[ blog » 2020 ] Mini-Tour Tübingen → Heidelberg, Heidelberg → Tübingen (by Philipp Gesang, location: home)

After canceling all vacation for this year this is the first, ultra-short tour of the season. Originally I should have been on the road twice already by now and the lack of form compared to last year – the final days of my trip down from Scotland to Germany – was painfully obvious. Luckily, the route I had chosen for the 150 km trip from Tübingen to Heidelberg did not even come close to the average British country road in terms of steep short climbs.

Great cycling weather, relatively mild temperatures compared to the last weeks, just enough sun to not require a thick layer of sunscreen.

On the way to Heidelberg, the Würm valley was the first attraction, a scenic, gentle downhill all the way to Pforzheim. From there it was mostly boring roads with rather heavy traffic until I reached the foot of the beautiful slopes of the Rhine valley in Bruchsal. Since the ride wasn’t overly challenging till then I rounded it off with the ascent of the Königstuhl (567 m), as is tradition for cycling in HD.

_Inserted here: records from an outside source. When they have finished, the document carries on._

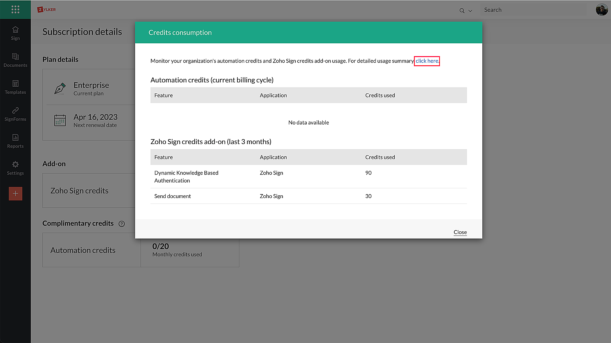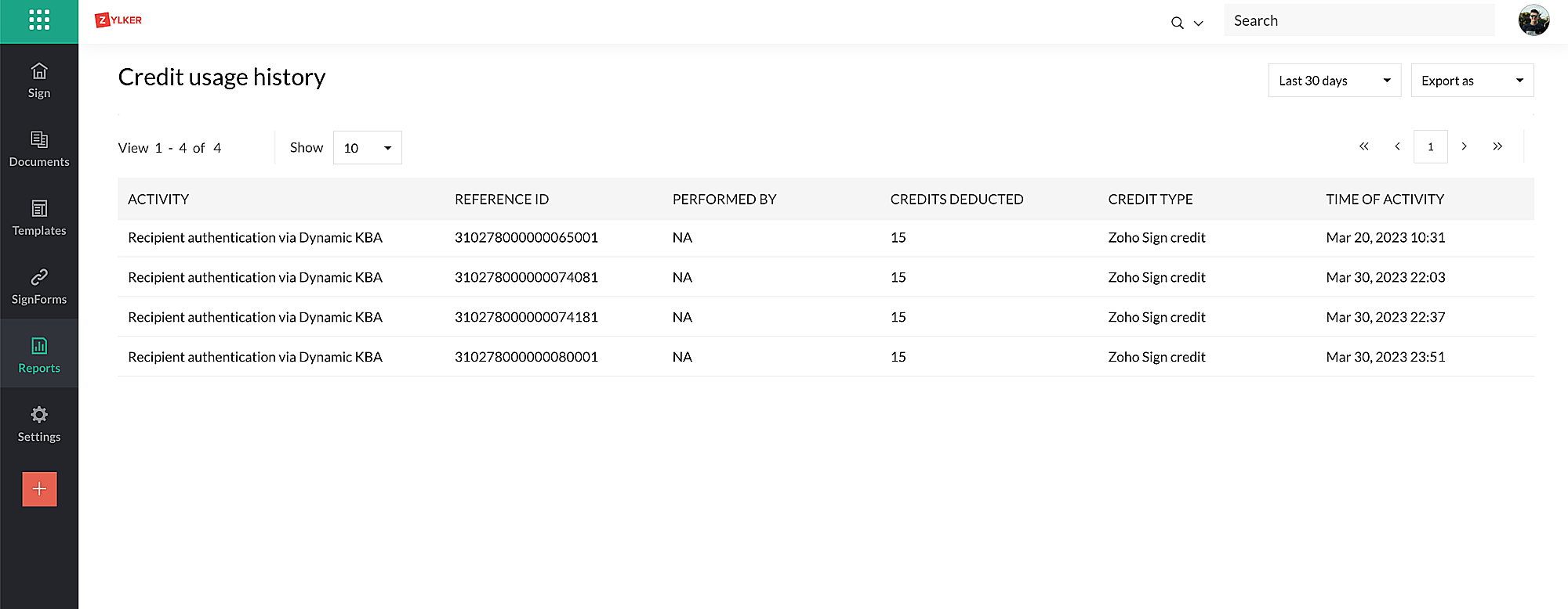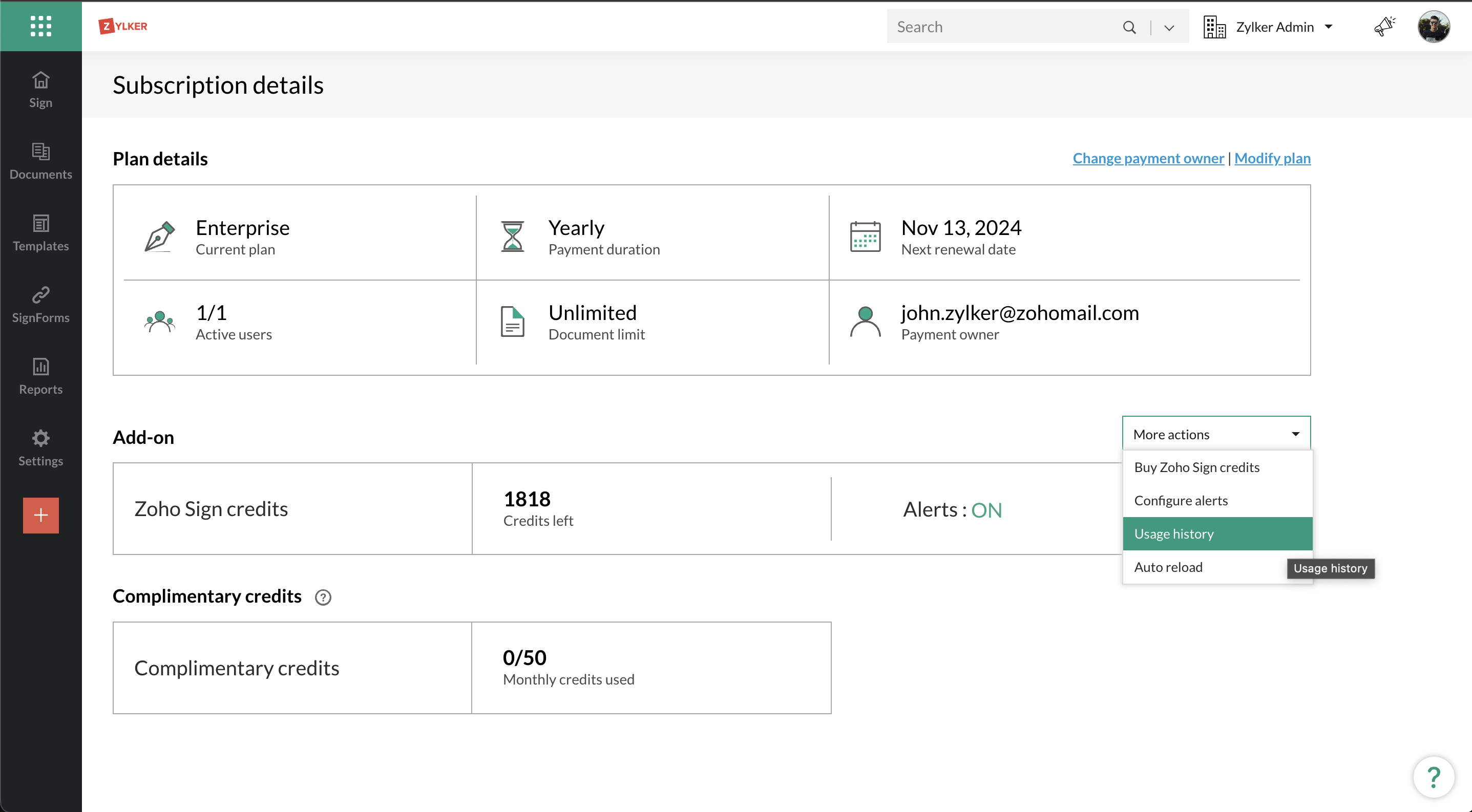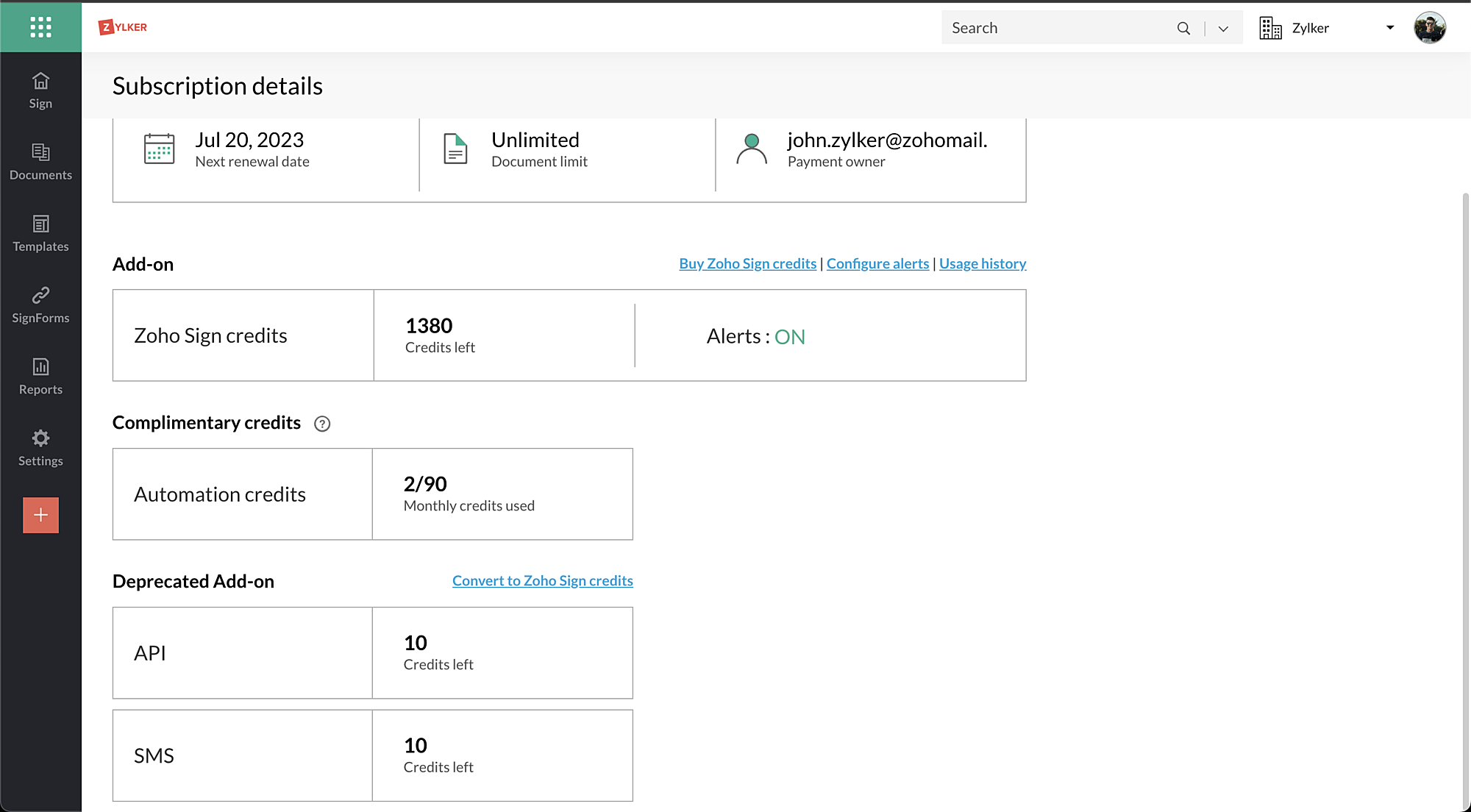 Zoho Sign クレジット利用状況の追跡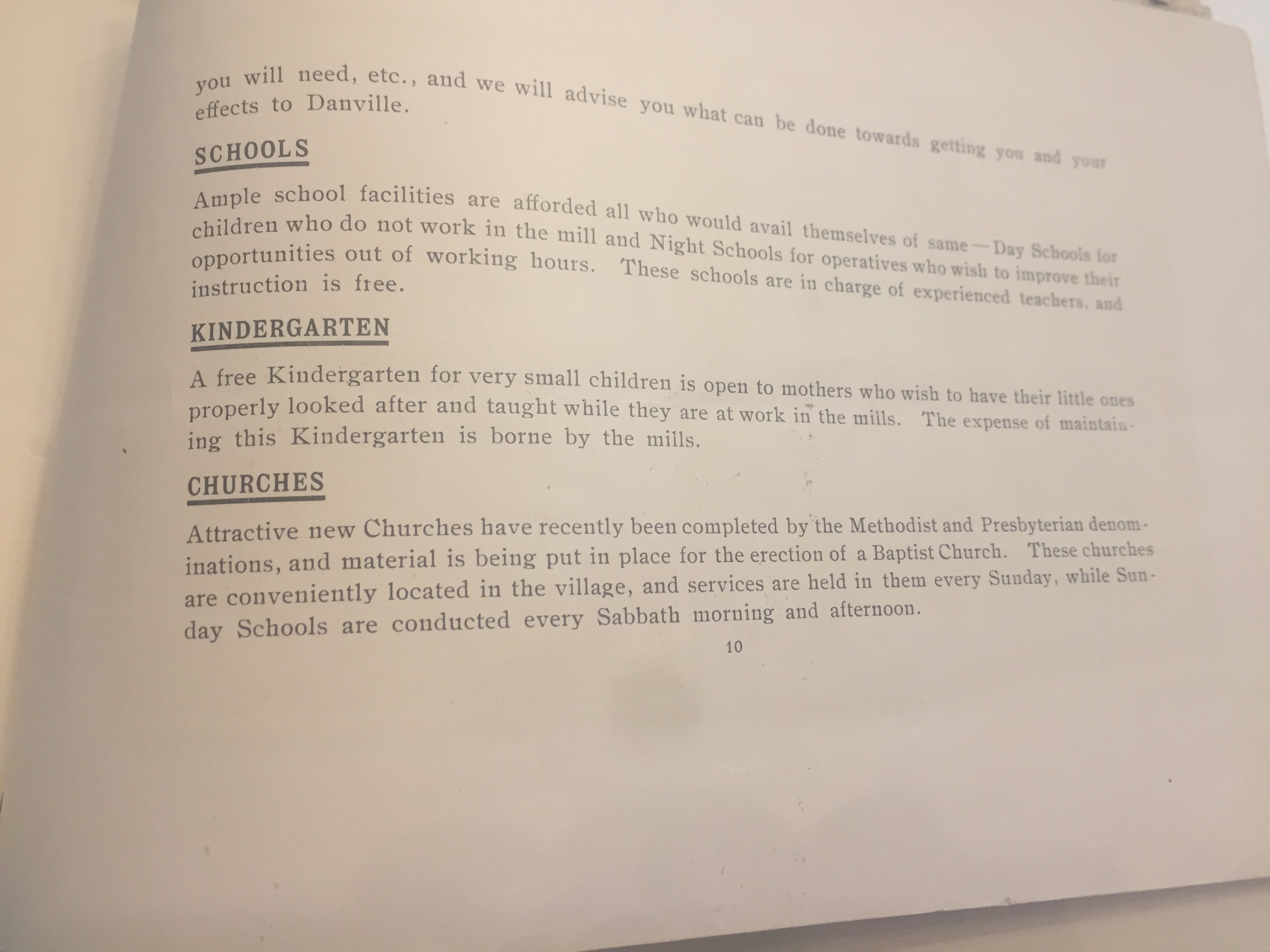 A 1910s Dan River Mills booklet with summary of village community amenities. Courtesy of Judy Edmonds.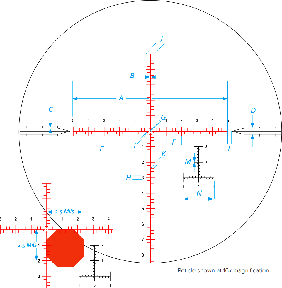 Nightforce MIL-C – это баллистическая прицельная сетка, разработанная для точной стрельбы на дальние дистанции. Сетка имеет простую центральную точку для точного прицеливания, в то время как основные линии имеют отметки по 0.2 миллирадиана. Каждый милрадиан обозначен числами для быстрого доступа даже в стрессовых ситуациях.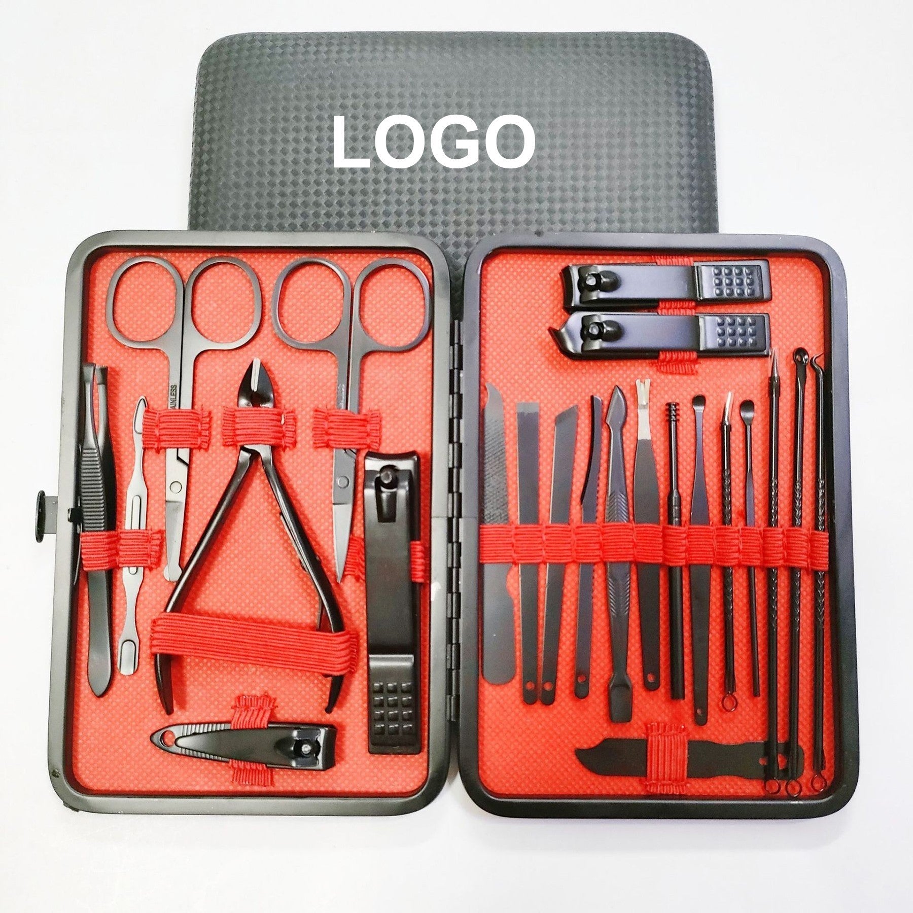 This set contains 16 carbon steel nail clippers for pedicures. The PU jackets can be printed with logos for branding. These products are ideal for daily use and promotions in different industries. 3 7/8″ L x 2 6/8″ W x 3/8″ H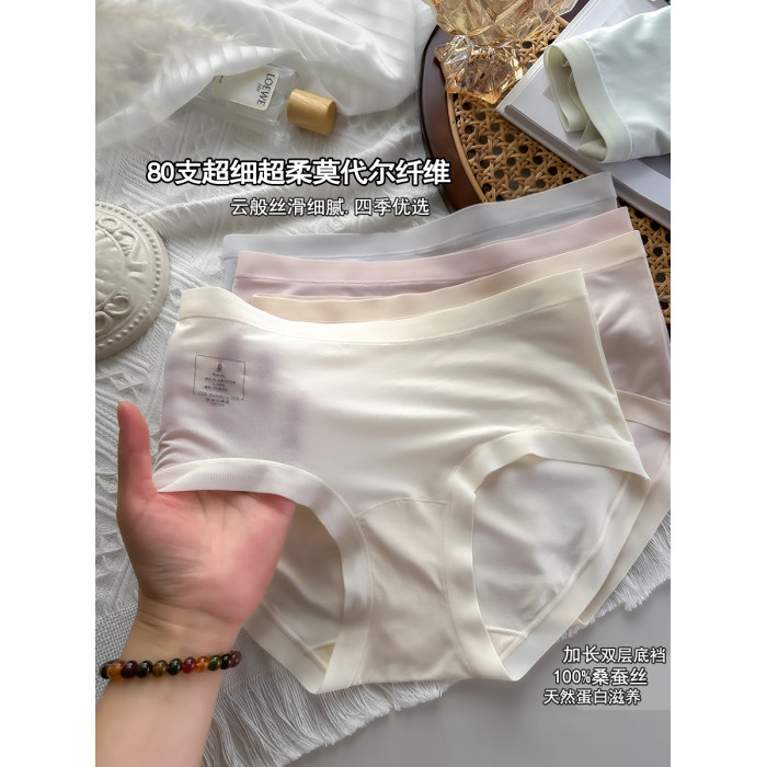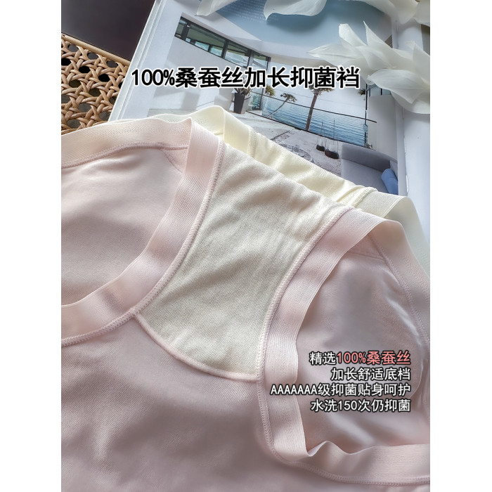 80支莫代爾內褲女生100%桑蠶絲加長襠7A抑菌襠中腰無痕2025年新款
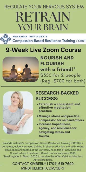 Kimberly Stewart draws on 20 years' teaching experience to share contemplative healing methods, offering Nalanda Institute's evidence-based CBRT to reduce stress and cultivate resilience in the mind, heart, and body. Schedule free 15-minute consult. See ad, page 12.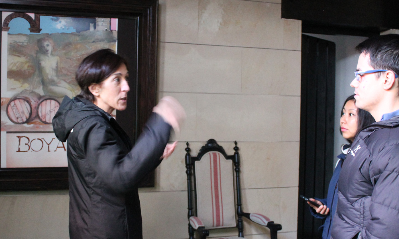 Afición común por la mitología.- Pasamos junto a una obra pictórica de Miguel Ángel Sáinz, el artista omnipresente en la bodega, que ilustró una de las primeras etiquetas de Ontañón con la marca ‘Boyante’ a mitad de los años ochenta. Leticia confiesa y demuestra su auténtica pasión por la mitología, describiendo en detalle la simbología del cuadro y de la imagen de la divinidad griega que representa. Apunta Ignacio que la mitología, afición que también comparte, está en las raíces de la transmisión del conocimiento.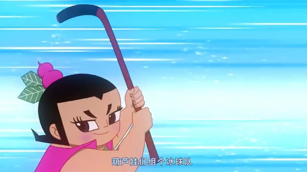 葫芦娃兄弟一起上了冰球场,孪生兄弟果然是配合默契,大圣夸他们:“葫芦娃们组个冰球队,定拿奖!”

To add some variety on the way home I decided on the route via Karlsruhe. I had done the ride there from Heidelberg and back a couple times while at university and it is still every bit as flat, straight, and boring as I remembered! After confirming this fact I headed for the mountains which hit me with full force just when I was about to leave Pforzheim. Instead of taking the longer route along the Würm again I chose the more direct trajectory through the hills – which ended up being the ascent of just one hill from 260 to 500 m. A grueling climb with some very steep sections, so lots of fun to be had.

Apart from getting my touring fix I was also testing my new “bikepacking” style setup at this opportunity. Overall I’d say the concept is an acceptable compromise: The saddle bag shakes quite a bit when standing on the pedals which adds noticable instability. The handlebar bag can be a bit annoying to attach with all the cables and mounts getting in the way, plus it can only accommodate so much stuff before it gets in the way when riding on the drops. Also, the raised center of gravity negatively affects the handling of the bike. These are minor inconveniences though if the objective is to carry enough stuff to get you through multi-day tours. After all, the fully loaded bike weighs as much as my unloaded tourer. Granted, I didn’t pack a tent, I just carried a change of street clothes in the front bag and mostly food and tools in the rear. But even with two or three additional kilos you’ll get around way faster than on a classical touring setup. Definitely something that should be made a habit.